— Instructions to follow —
Each line from the beginning of the entries below through the line that includes "Många trängdes i" must be returned exactly as given.

Task inputs Block Start

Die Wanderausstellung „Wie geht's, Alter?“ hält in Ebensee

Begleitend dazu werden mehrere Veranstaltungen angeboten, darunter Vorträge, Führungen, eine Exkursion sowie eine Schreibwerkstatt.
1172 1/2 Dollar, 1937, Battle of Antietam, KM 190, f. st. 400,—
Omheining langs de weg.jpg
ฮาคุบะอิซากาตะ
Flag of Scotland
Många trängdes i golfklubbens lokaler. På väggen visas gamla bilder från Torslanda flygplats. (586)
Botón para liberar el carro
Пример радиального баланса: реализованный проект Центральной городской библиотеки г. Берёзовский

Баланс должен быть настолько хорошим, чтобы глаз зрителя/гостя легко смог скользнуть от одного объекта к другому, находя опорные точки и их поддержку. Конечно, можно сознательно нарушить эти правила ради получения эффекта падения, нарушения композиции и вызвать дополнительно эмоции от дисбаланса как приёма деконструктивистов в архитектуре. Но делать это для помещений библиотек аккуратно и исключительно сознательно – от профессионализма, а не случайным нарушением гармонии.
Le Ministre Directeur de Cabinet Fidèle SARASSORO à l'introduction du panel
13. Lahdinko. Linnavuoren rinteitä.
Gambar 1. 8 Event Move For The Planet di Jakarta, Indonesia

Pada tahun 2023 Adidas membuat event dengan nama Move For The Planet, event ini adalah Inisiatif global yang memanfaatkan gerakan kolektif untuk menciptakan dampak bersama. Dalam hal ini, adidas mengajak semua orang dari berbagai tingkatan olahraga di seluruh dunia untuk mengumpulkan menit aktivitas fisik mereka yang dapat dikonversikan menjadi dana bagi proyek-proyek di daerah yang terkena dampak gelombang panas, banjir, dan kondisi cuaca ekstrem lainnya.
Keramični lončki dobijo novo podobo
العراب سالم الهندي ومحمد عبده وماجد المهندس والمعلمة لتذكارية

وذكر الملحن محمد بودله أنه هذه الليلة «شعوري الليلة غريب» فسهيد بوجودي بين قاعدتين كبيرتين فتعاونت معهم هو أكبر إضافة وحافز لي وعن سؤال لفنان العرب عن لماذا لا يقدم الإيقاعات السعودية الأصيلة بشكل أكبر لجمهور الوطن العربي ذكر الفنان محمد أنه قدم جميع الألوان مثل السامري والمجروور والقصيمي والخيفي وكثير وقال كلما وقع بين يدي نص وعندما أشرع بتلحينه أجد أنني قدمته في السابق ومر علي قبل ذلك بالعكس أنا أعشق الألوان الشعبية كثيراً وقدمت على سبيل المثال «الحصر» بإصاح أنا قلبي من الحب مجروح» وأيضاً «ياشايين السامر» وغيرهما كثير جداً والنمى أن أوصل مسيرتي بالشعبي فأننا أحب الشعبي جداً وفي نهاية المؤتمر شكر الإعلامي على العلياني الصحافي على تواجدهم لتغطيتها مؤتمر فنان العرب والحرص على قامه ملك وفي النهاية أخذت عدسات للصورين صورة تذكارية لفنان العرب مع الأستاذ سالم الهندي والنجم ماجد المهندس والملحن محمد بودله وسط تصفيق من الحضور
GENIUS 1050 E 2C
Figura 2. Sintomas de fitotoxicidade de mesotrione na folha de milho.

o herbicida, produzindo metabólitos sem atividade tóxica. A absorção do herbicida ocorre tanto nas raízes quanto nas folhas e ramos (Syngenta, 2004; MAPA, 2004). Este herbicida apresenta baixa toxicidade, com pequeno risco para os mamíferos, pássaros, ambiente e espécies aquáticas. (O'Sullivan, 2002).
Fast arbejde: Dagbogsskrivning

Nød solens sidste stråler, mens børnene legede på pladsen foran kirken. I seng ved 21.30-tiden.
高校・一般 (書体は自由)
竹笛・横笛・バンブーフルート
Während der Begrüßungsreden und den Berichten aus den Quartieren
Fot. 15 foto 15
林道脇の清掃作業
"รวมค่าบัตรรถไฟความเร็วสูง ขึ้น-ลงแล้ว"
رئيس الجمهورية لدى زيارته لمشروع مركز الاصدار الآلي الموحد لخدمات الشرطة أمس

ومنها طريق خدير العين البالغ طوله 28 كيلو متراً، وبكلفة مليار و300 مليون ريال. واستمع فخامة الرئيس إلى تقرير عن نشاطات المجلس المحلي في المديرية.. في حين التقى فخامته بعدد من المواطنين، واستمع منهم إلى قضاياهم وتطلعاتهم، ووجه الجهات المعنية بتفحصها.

Task inputs Block End

— Exercise answer —
Die Wanderausstellung „Wie geht's, Alter?“ hält in Ebensee

Begleitend dazu werden mehrere Veranstaltungen angeboten, darunter Vorträge, Führungen, eine Exkursion sowie eine Schreibwerkstatt.
1172 1/2 Dollar, 1937, Battle of Antietam, KM 190, f. st. 400,—
Omheining langs de weg.jpg
ฮาคุบะอิซากาตะ
Flag of Scotland
Många trängdes i golfklubbens lokaler. På väggen visas gamla bilder från Torslanda flygplats. (586)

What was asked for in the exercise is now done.